This document outlines the testing framework for the Credit Card Fraud Detection (CFD) system. We employ a dual-layer testing strategy to ensure both code correctness and model performance.
Purpose: To verify that the individual software components function correctly in isolation.
What it covers:
- Data Cleaning: Ensures column renaming logic (
oldbalanceOrg->oldBalanceOrig) covers all edge cases. - Feature Engineering: Verifies that mathematical transformations (like
errorBalanceOrig) and feature extraction (hour_of_day) produce the expected numerical output. - Model Wrapper: Checks that the
FraudDetectorclass can initialize, train, and predict on synthetic dummy data without raising software errors.
When to run: continuously during development (e.g., after modifying src/features.py).
pytest tests/test_components.pyPurpose: To verify that the trained model behaves correctly when presented with real production-like data.
What it covers:
- Pipeline Integrity: Loads the actual saved model (
models/fraud_model.pkl) and feeds it real data samples fromdata/. - Probability Validity: Asserts that the model outputs valid probability scores (0.0 to 1.0) for every transaction.

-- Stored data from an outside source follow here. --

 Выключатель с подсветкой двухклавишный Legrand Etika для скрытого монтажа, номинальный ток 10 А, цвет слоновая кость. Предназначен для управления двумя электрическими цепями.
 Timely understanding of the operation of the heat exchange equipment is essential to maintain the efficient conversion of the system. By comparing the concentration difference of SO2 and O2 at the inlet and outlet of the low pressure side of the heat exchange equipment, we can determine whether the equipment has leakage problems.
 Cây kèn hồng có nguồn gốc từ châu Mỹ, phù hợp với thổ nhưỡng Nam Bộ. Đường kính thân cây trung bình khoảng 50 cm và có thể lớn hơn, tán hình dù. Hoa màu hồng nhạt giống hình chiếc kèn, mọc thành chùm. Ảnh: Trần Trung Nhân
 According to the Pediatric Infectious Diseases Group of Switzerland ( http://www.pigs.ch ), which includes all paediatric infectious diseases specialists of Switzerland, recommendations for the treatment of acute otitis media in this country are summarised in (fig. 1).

- End-to-End Execution: Validates the entire flow from Loading -> Cleaning -> Feature Engineering -> Prediction in a single run.
When to run: Before deployment or after retraining the model.

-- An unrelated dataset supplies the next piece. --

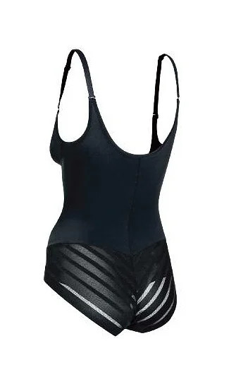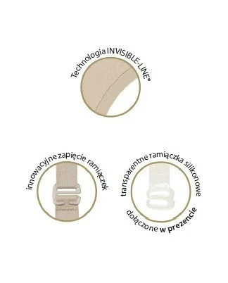 Tvarující dámské body, které dosahuje pod poprsí. Body se pod oblečením nerýsuje díky moderní bezešvé technologii zakončení okrajů, které jsou ultratenké a vyrobené s použitím technologie INVISIBLE-LINE. Zadní díl tohoto modelu zdobí vsadky z průhledné síťoviny. Body je vyrobené z jemného a prodyšného materiálu, skvěle se přizpůsobí postavě a je doplněné o speciální látkové panely, které tvoří elastické zeštíhlující části. Díky tomuto modelu docílíte zeštíhlení pasu, ploššího bříška a pěkně vytvarovaných a nadnášených hýždí. Body má v rozkroku nastavitelné zapínání. Ramínka je možné nastavit a odepnout pomocí moderního zapínání. Komplet doplňují silikonová ramínka.
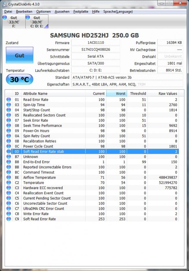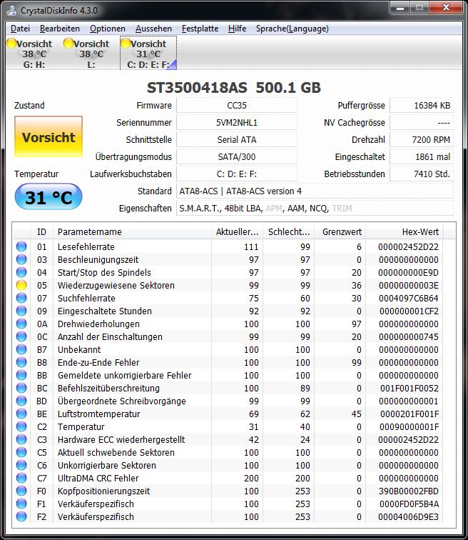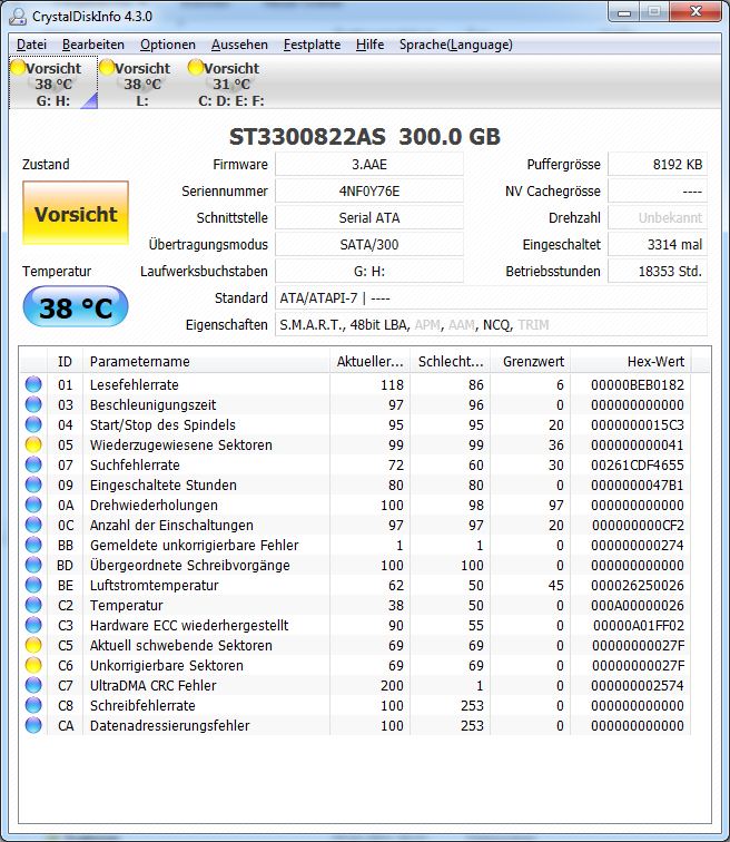 Die Spalte Aktueller.., Schlechtester.. und Grenzwert sind Tabellarische Werte, optimal ist je nach Hersteller und Parameter 100, 200 oder 253. Sinkt dieser Wert in Richtung Grenzwert ist das schlechter, wird der Grenzwert erreicht, gibt die Software "Failed/Bad/Schlecht" aus.

pytest tests/test_integration.pyPurpose: To ensure the model is learning real patterns, not memorizing "giveaway" features that predict the target perfectly.
What it covers:
- Correlation Checks: Scans all engineered features to ensure none have a correlation of 1.0 (or -1.0) with the
isFraudtarget. - Specific Feature Verification: Explicitly checks
errorBalanceOrigto confirm it is not a perfect predictor, validating that the high model performance is genuine.
When to run: continuously, especially after adding new features.
pytest tests/test_leakage.pyTo execute the full test suite:
pytest tests/